# Island water clarity



## Hardtop (Nov 24, 2004)

No MODIS images this week......can one of you lake guys tell us how the water clarity is around the islands......Marblehead....thanks, HT


----------



## Limitman (Jun 3, 2008)

I know this isn't the islands but in front of Cleveland with the sunshine today it's mud out to about 10 miles. I'm sure it's muddy at the islands.


----------



## Spaniel235 (Jun 19, 2005)

It'muddy off Sheffield Lake as far as one can see ....


----------



## K gonefishin (May 4, 2004)

MUD PIT- Anyone who bothers to try fishing for the next few days ((or weeks the way it's looking) would accuratly be coined "an idiot' I have tomorow off and I'm pretty dumb but i'm not falling for the old I can pull em out of the rough muddy water trick again. 
http://ge.ssec.wisc.edu/modis-today...y_coastline=true&sector=USA3&resolution=2000m


----------



## Tommybouy (Jun 5, 2005)

I dont know that I would want my engines running in that junk.


----------



## Hetfieldinn (May 17, 2004)

'water' and 'clarity' should not appear in the same sentance when describing Lake Erie, at this point.


----------



## Searay (Feb 12, 2007)

Who is going to do the clarity and no wind dance I want to float the boat and do some fishing....


----------



## MEISTERICS (May 15, 2006)

Kevin, Come on.
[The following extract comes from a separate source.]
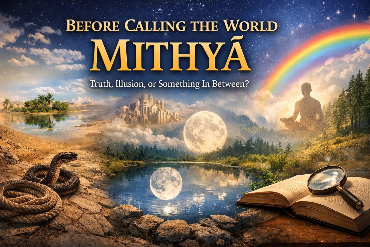 A barren woman’s son, a snake seen in a rope, water seen in a mirage, the blue sky above us, a rainbow in the distance, a reflection in a pond, a dream city, and the world of daily experience do not all belong to the same class. Yet in casual speech they are often thrown together under words like false, unreal, illusory, or mithyā. That is not a small mistake. It is a serious philosophical carelessness.

The mud is our friend. We can catch fish in that. I will stop buy first thing in the morning.


----------



## Rod_Father (Mar 22, 2011)

Before zebra mussels the lake looked like that quite often. They still caught fish.


----------



## pezman38 (Nov 9, 2009)

My group is heading out still. One boat fished yesterday and today trying reef runners and harnesses with little results. They are marking lots of fish at the islands but getting them to bite is something different. 
Any muddy water suggestions?

Myself and one other guy are going to hold out and perhaps try Thursday and the weekend if things clear up.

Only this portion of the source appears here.